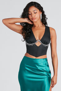 Capture the attention in this sleeveless crop top perfect for a glam evening out! Designed with captivating rhinestone fringe along the underwire bust, the top features a sleek V-neckline, a mini bust cutout, flexible boning inserts, and is crafted from lined woven fabric. Complete the look in high-rise denim jeans and mules!
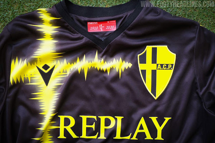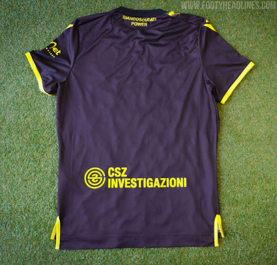 Hauptsächlich schwarz, weist das dritte Trikot von Macron Padova 20-21 fluoreszierende gelbe Akzente auf, wie die Ärmelbündchen, das Macron Logo auf beiden Ärmeln und die Sponsorenlogos, mit Ausnahme des Macron Logos auf der rechten Brust, das schwarz ist. Auf der linken Brust befindet sich eine einfarbige, fluoreszierende gelbe Wiedergabe des Padova-Logos.
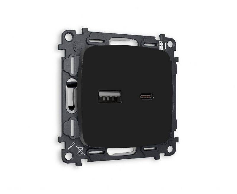Комплект механизма розетки 2USB A+C 20W (быстрая зарядка) Ambrella Volt Omega MO811010
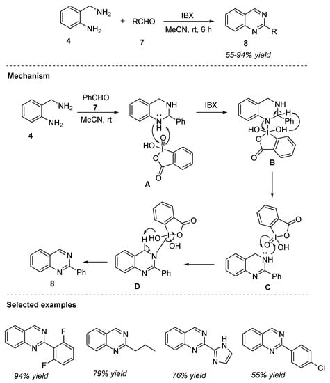 In the same year, Sen et al. (2016) developed the facile synthesis of quinazolines through the o-iodoxybenzoicacid (IBX)-mediated reaction of 2-aminobenzylamine 4 and aldehydes 7 in acetonitrile at room temperature for 6 h (Scheme 3) [57]. Various aryl, heteroaryl, and alkyl aldehydes 7 could be transformed to the corresponding 2-substitued quinazolines 8 in 55–94% yields.
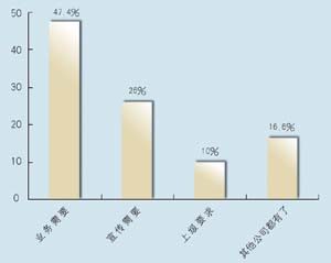 在問到對CRM的熟悉程度方面,有12家表示熟悉,占到63.2%,另有7家表示不熟悉,說明許多企業(yè)已經(jīng)對CRM有一定了解,不過也仍有相當(dāng)大的市場空間。其中有8家建立了CRM系統(tǒng),占到42%,計劃建立的有9家,占到47.4%,而有2家表示短期不會建立。從調(diào)查發(fā)現(xiàn),幾乎所有受訪者都接受和認(rèn)同CRM,盡管有一些企業(yè)還不熟悉,但在調(diào)查問卷中對此表現(xiàn)出極大的興趣。在CRM的采購動機上,有9家表示是為了提高業(yè)務(wù),占到將近一半的比例(47.4%),而有5家表示出于企業(yè)宣傳,2家屬于上級主管部門要求,有3家表示是出于同行的示范。調(diào)查顯示,企業(yè)獲得CRM的信息來源很廣,最多的是通過報刊雜志的廣告,有6家,占31.6%,而上級推薦和供應(yīng)商推薦各有4家,各占21%,有兩家是集成商推薦,此外還有3家通過展會獲得相關(guān)信息。

============================================================

* [EXERCISE] Go back to the records above and write them out exactly, without the pictures.

* [EXERCISE RESPONSE]
 Capture the attention in this sleeveless crop top perfect for a glam evening out! Designed with captivating rhinestone fringe along the underwire bust, the top features a sleek V-neckline, a mini bust cutout, flexible boning inserts, and is crafted from lined woven fabric. Complete the look in high-rise denim jeans and mules!
 Hauptsächlich schwarz, weist das dritte Trikot von Macron Padova 20-21 fluoreszierende gelbe Akzente auf, wie die Ärmelbündchen, das Macron Logo auf beiden Ärmeln und die Sponsorenlogos, mit Ausnahme des Macron Logos auf der rechten Brust, das schwarz ist. Auf der linken Brust befindet sich eine einfarbige, fluoreszierende gelbe Wiedergabe des Padova-Logos.
Комплект механизма розетки 2USB A+C 20W (быстрая зарядка) Ambrella Volt Omega MO811010
 In the same year, Sen et al. (2016) developed the facile synthesis of quinazolines through the o-iodoxybenzoicacid (IBX)-mediated reaction of 2-aminobenzylamine 4 and aldehydes 7 in acetonitrile at room temperature for 6 h (Scheme 3) [57]. Various aryl, heteroaryl, and alkyl aldehydes 7 could be transformed to the corresponding 2-substitued quinazolines 8 in 55–94% yields.
 在問到對CRM的熟悉程度方面,有12家表示熟悉,占到63.2%,另有7家表示不熟悉,說明許多企業(yè)已經(jīng)對CRM有一定了解,不過也仍有相當(dāng)大的市場空間。其中有8家建立了CRM系統(tǒng),占到42%,計劃建立的有9家,占到47.4%,而有2家表示短期不會建立。從調(diào)查發(fā)現(xiàn),幾乎所有受訪者都接受和認(rèn)同CRM,盡管有一些企業(yè)還不熟悉,但在調(diào)查問卷中對此表現(xiàn)出極大的興趣。在CRM的采購動機上,有9家表示是為了提高業(yè)務(wù),占到將近一半的比例(47.4%),而有5家表示出于企業(yè)宣傳,2家屬于上級主管部門要求,有3家表示是出于同行的示范。調(diào)查顯示,企業(yè)獲得CRM的信息來源很廣,最多的是通過報刊雜志的廣告,有6家,占31.6%,而上級推薦和供應(yīng)商推薦各有4家,各占21%,有兩家是集成商推薦,此外還有3家通過展會獲得相關(guān)信息。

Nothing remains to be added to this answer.